I first learned what community organizing is through my internship with Southerners on New Ground (SONG) in 2008. SONG is a home for LGBTQ liberation across all lines of race, class, abilities, age, culture, gender and sexuality in the South.
After being steeped in Southern organizing, I was disappointed when I moved to Washington, D.C., and experienced firsthand many national advocacy organizations either ignoring the South entirely or only wanting to parachute in to push short-term, top-down campaigns that undermined the place-based, relationship-based organizing that already existed.

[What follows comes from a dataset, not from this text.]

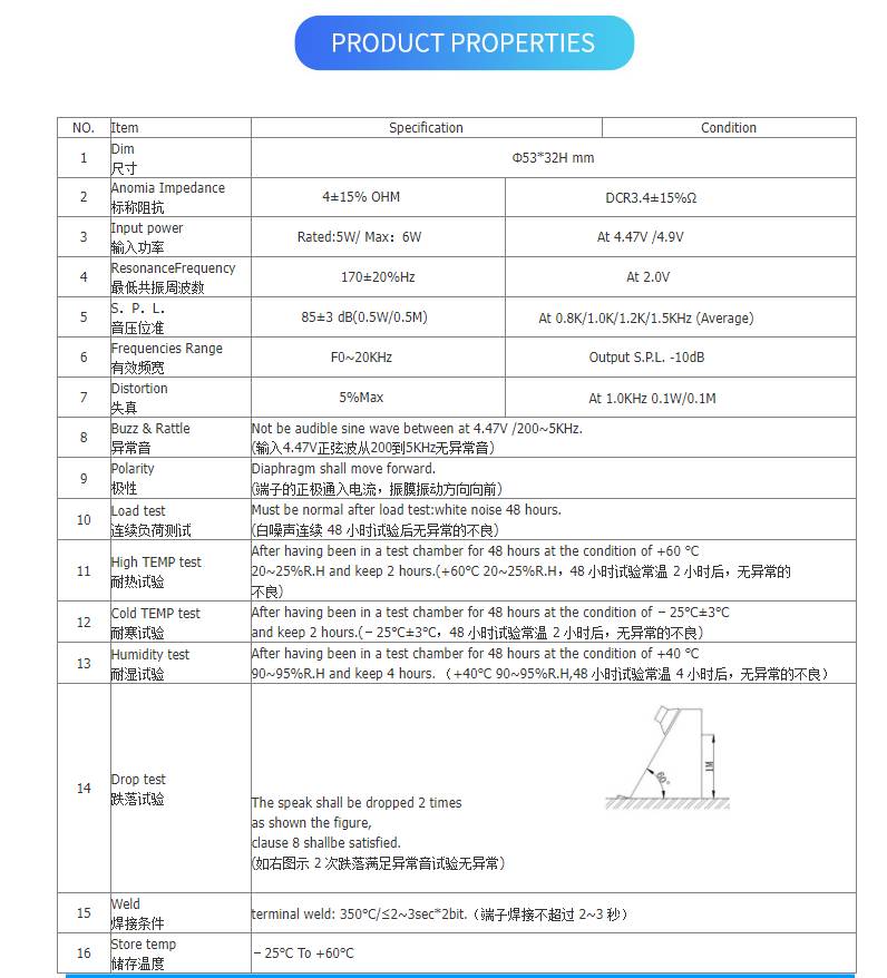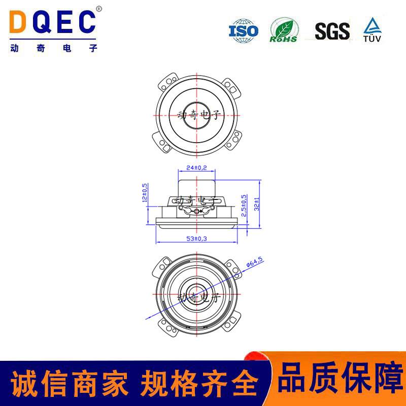 53mm内磁全频喇叭4欧5W机器人蓝牙音响ai音响机器人智能家居喇叭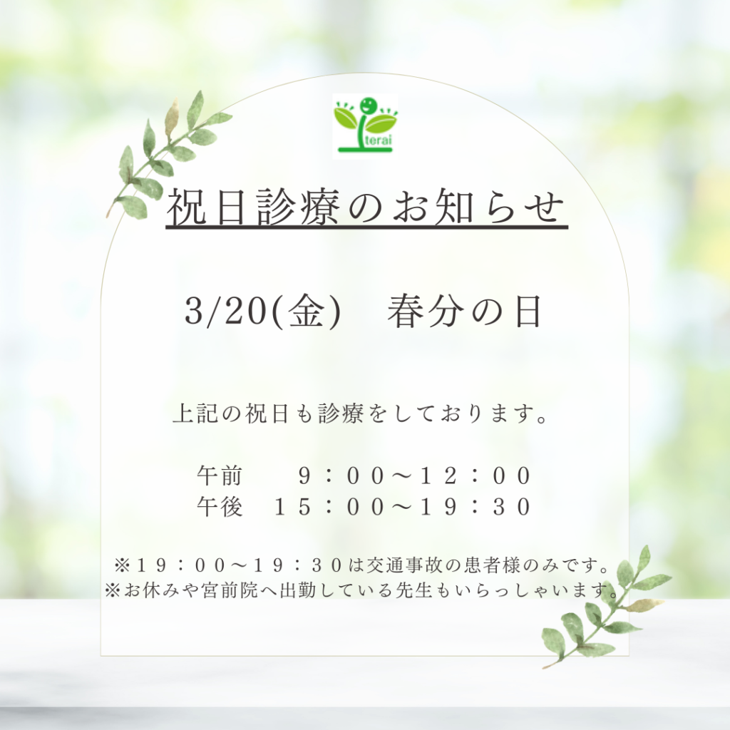 「休日にしっかり体を整えて、新年度を最高のコンディションで迎えたい」という方は、ぜひ3月20日の祝日診療をご利用ください。

I experienced time and again people who identify as liberal and progressive disparaging the South, expressing contempt by using classist slurs like “rednecks and hillbillies,” dismissing any potential for transformation or power-building or writing off the entire region as a “lost cause” because of entrenched Republican control.
My stomach always twists in anger whenever I hear this rhetoric, which is rooted in racism and classism, and erases the power of Southern movement organizing – from the Civil Rights Movement to successful Alabama voter mobilization.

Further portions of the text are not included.